Listing the instance groups in the Amazon EMR cluster

Configure the tAmazonEMRListInstances component and the tJava component to retrieve and display the ID and name information of all instance groups in a running cluster.

  1. Double-click the tAmazonEMRListInstances component to open its Basic settings view.

  2. In the Access Key and Secret Key fields, enter the authentication credentials required to access Amazon S3.

  3. Select the AWS region from the Region drop-down list. In this example, it is Asia Pacific (Tokyo).

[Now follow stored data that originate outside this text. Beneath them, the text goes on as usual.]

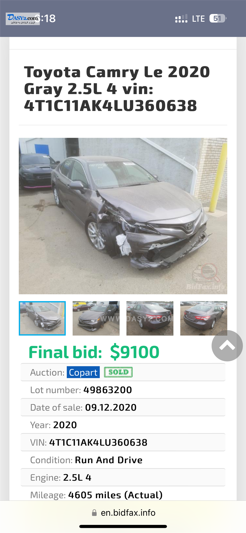 تويوتا كامرى موديل 2020 مواصفات ئه مريكى ره سمى ده عمه كه دانراوه جگه له وه 2 پارچه و 2 په له ى بوياغه بى ده عم پشت و پيشى كه پسه 75000 مايل رؤيشتووه ئه رباگى ته نها يه ك شانى ته قيوه سه نه وى 5/2026
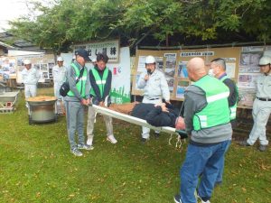 続いて、災害時に物資が少ない中での非常食の準備方法や被災者の搬送方法を担当者が解説。現場にある手押し車を利用したお米の炊き方や長椅子を用いた怪我人の搬送方法などを学んだ。炊き出し訓練で使用した250食分の非常用米は、懇親会時に配られた。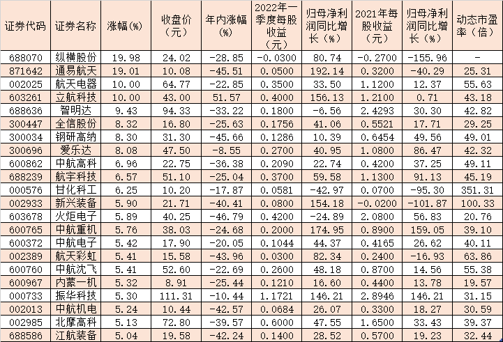 5月份的首個交易日,國防軍工板塊集體走強,整體上漲3.23%,跑贏上證指數(shù)(漲幅0.68%)。其中,縱橫股份、航天電器、立航科技等3只個股漲停,通易航天大漲19.01%,智明達、全信股份、鋼研高納、愛樂達等4只個股漲幅也均逾8%。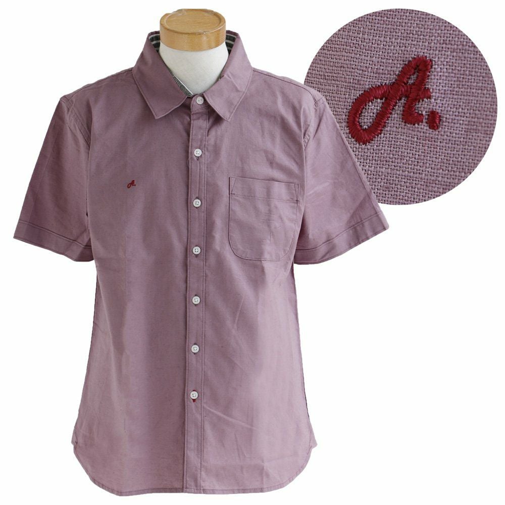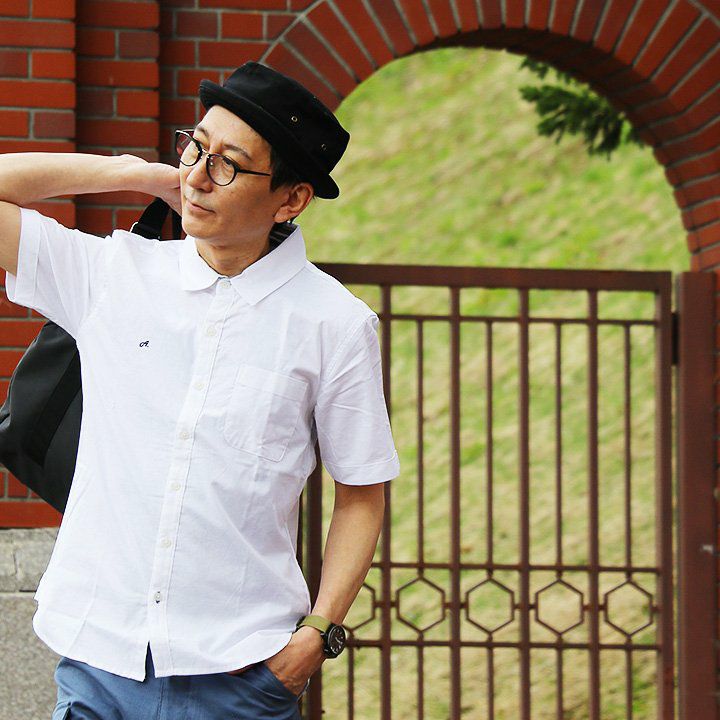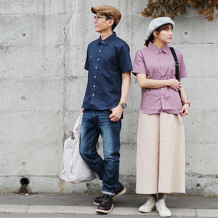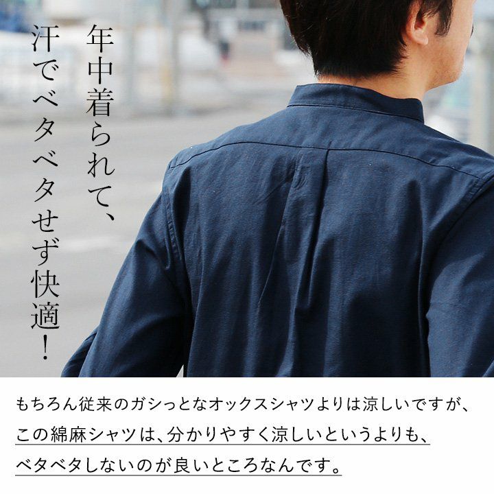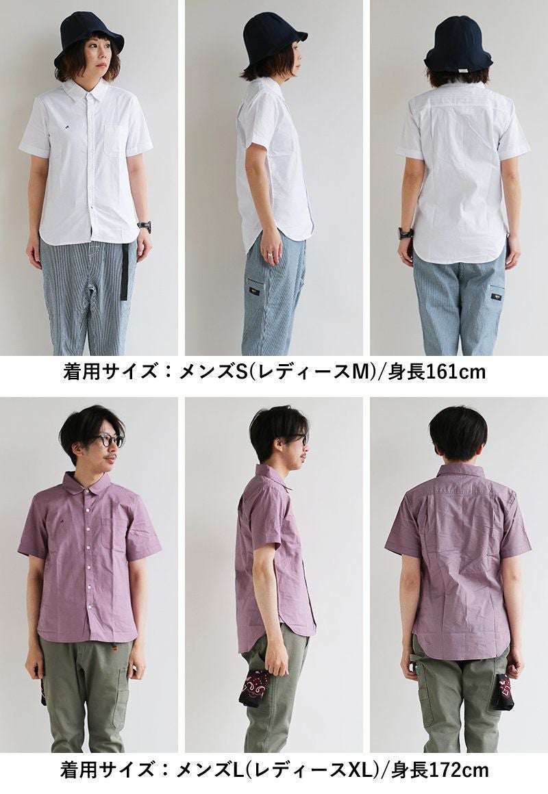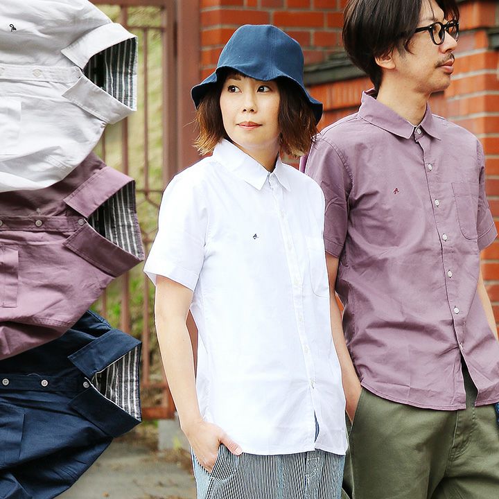 蒸す日もベタつかず、涼しく細見せ。 シャツ 半袖 スリムシルエット レギュラーカラー 綿麻 微ストレッチ オックス 涼しい 軽量 薄手 ワンポイント 配色 刺繍 メンズ レディース トップス 夏 40代 50代 ALISTAIR [アリステア]

  4. Clear the Filter master and core instances check box to list all instance groups, including the Master, Core, and Task type instance groups.

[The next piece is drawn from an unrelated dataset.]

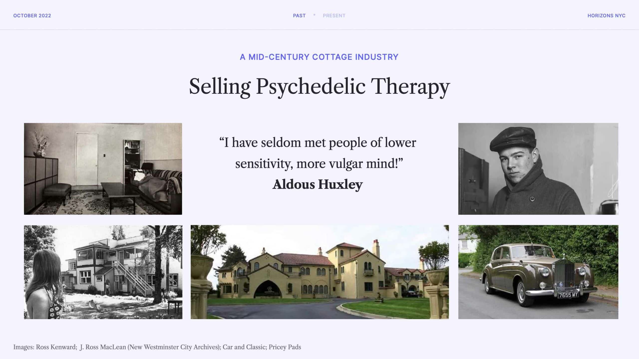 This slide shows images of The Hollywood Hospital (Vancouver, not LA) which was founded by J. Ross MacLean and Al Hubbard. They would charge patients up to $1,000 for LSD therapy, which is around $10,000 in todayâs money, and remember that these types of set-ups were often getting the LSD from Sandoz for free (or thereabout). Clients of these types of services included the likes of Cary Grant and Betsy Drake. See Montecristo Magazineâs history for more.Â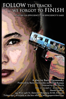 A scathing satire on blind devotion to efficiency for efficiency's sake, FOLLOW THE TRACKS WE FORGOT TO FINISH chronicles the efforts of a group of desperate characters trapped on board a stalled subway train to understand where they are headed in life as they transform into something more than what they previously considered "human." The play is directed by Paul Dervis (winner of Boston Magazine's "Best Play" in 1986 for David Mamet's EDMOND, in 1988 for Tom Eyen's WOMEN BEHIND BARS, and in 1998 for Israel Horovitz's FREE GIFT), and the large, vibrant cast includes Rachelle Casseus (TVO's "Hard Rock Medical"), Corry Burke, Charlie Ebbs, Doug Phillips, Garrett Quirk, and Cameron Rufelds. Conor Romero, who stars as the titular actor's eldest son on NBC's "The Michael J. Fox Show," is co-producing the play with Barry Germansky.

  5. In the Cluster id field, enter the ID of the cluster for which to list the instance groups. In this example, the returned value of the global variable CLUSTER_FINAL_ID of the previous tAmazonEMRManage component is used.

  6. Double-click the tJava component to open its Basic settings view.

  7. In the Code field, enter the following code to print the ID and Name information of each instance group in the cluster.

    System.out.println("\r\n===== Instance Group =====");
    System.out.println("Instance Group ID:    " + (String)globalMap.get("tAmazonEMRListInstances_1_CURRENT_GROUP_ID"));
    System.out.println("Instance Group Name:  " + (String)globalMap.get("tAmazonEMRListInstances_1_CURRENT_GROUP_NAME"));

Executing the Job to manage the Amazon EMR cluster

After setting up the Job and configuring the components used in the Job for managing Amazon EMR cluster, you can then execute the Job and verify the Job execution result.

  1. Press Ctrl + S to save the Job and then F6 to execute the Job.

    As shown above, the Job starts and resizes the Amazon EMR cluster, and then lists all instance groups in the cluster.

  2. View the cluster details on the Amazon EMR Cluster List page to validate the Job execution result.